* _DATA SECTION_:

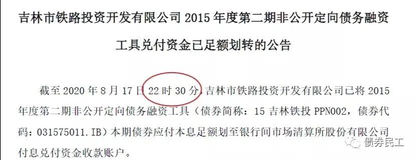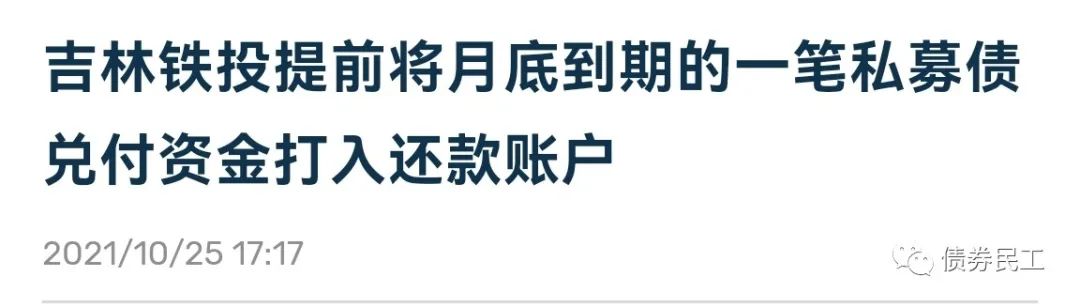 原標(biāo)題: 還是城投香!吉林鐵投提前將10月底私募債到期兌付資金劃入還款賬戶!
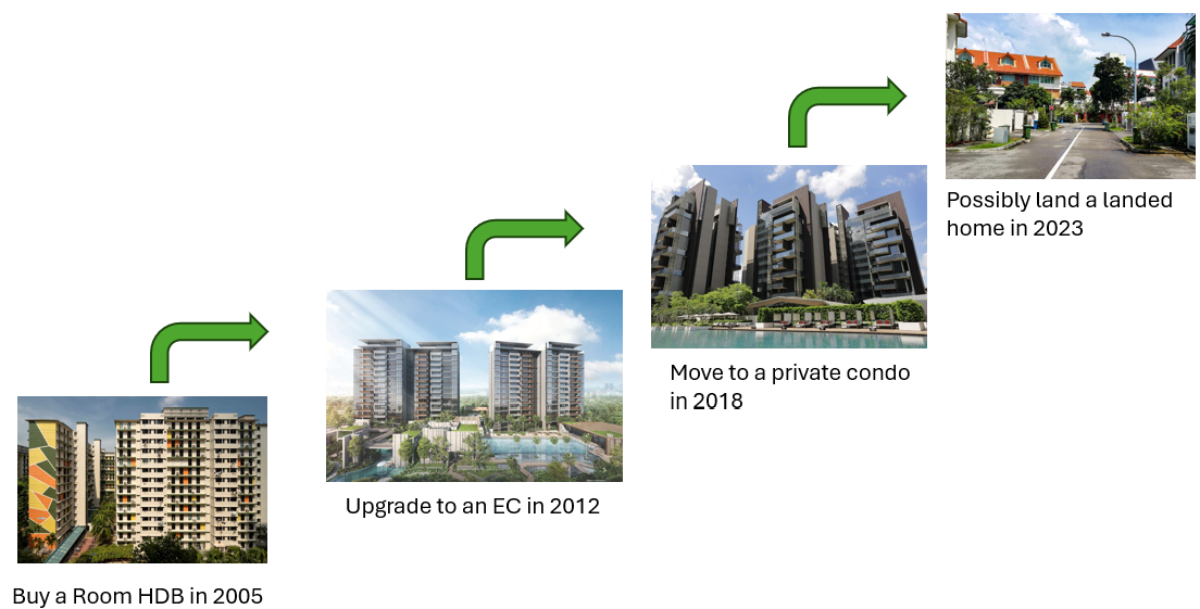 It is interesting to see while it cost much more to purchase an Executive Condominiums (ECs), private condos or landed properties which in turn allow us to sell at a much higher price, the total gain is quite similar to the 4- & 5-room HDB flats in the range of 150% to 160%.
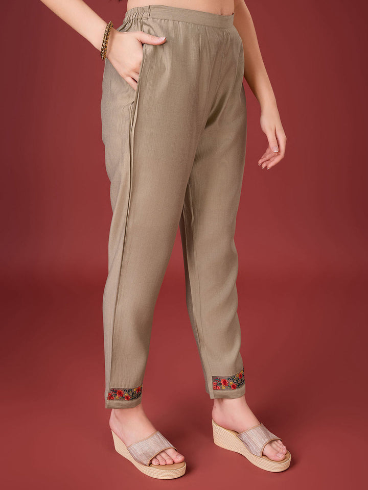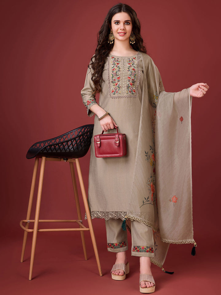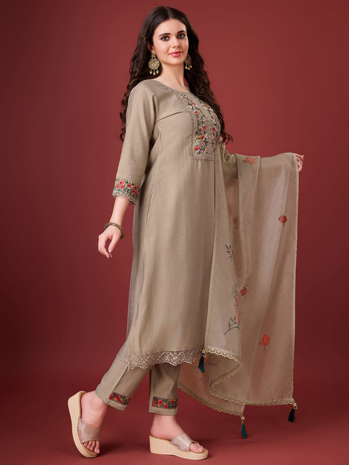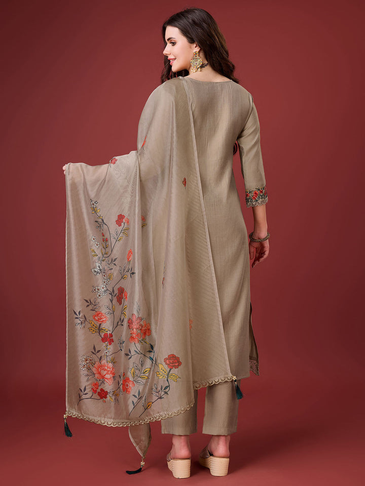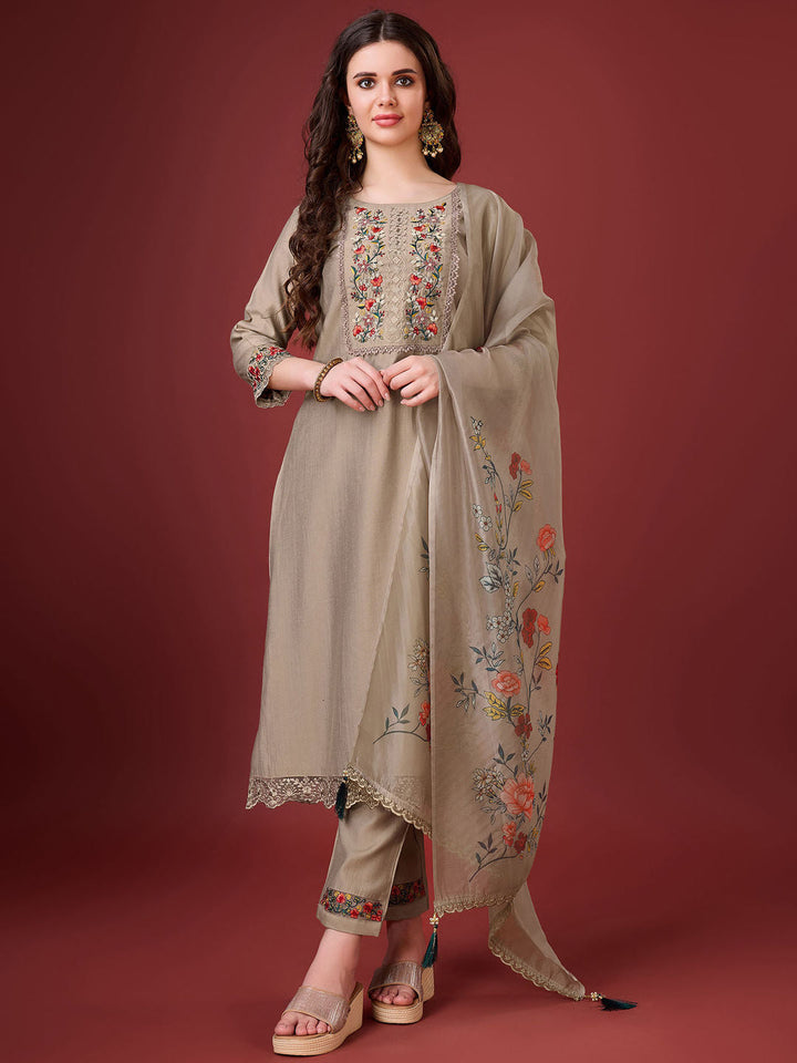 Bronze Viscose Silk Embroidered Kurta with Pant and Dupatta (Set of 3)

==

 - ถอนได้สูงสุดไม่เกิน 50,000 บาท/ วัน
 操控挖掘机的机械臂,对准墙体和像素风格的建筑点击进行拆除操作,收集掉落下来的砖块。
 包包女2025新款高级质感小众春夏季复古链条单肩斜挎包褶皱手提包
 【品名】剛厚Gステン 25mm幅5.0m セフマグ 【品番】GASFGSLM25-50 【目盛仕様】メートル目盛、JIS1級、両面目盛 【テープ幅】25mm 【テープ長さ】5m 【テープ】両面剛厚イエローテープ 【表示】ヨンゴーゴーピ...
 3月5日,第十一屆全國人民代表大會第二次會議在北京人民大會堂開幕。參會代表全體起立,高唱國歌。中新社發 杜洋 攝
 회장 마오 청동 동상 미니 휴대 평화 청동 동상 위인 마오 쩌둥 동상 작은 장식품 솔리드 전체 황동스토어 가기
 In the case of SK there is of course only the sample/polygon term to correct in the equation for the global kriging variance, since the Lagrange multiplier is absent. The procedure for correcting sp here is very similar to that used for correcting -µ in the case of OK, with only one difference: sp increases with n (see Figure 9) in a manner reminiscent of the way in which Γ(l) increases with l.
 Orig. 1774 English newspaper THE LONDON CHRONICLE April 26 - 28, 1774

* _PROBLEM_: All that is wanted is the lines above between the one containing "原標(biāo)題: 還是城" and the one containing "It is interesting", inclusive, restated word for word, with pictures omitted.

* _WRITTEN SOLUTION_:
 原標(biāo)題: 還是城投香!吉林鐵投提前將10月底私募債到期兌付資金劃入還款賬戶!
 It is interesting to see while it cost much more to purchase an Executive Condominiums (ECs), private condos or landed properties which in turn allow us to sell at a much higher price, the total gain is quite similar to the 4- & 5-room HDB flats in the range of 150% to 160%.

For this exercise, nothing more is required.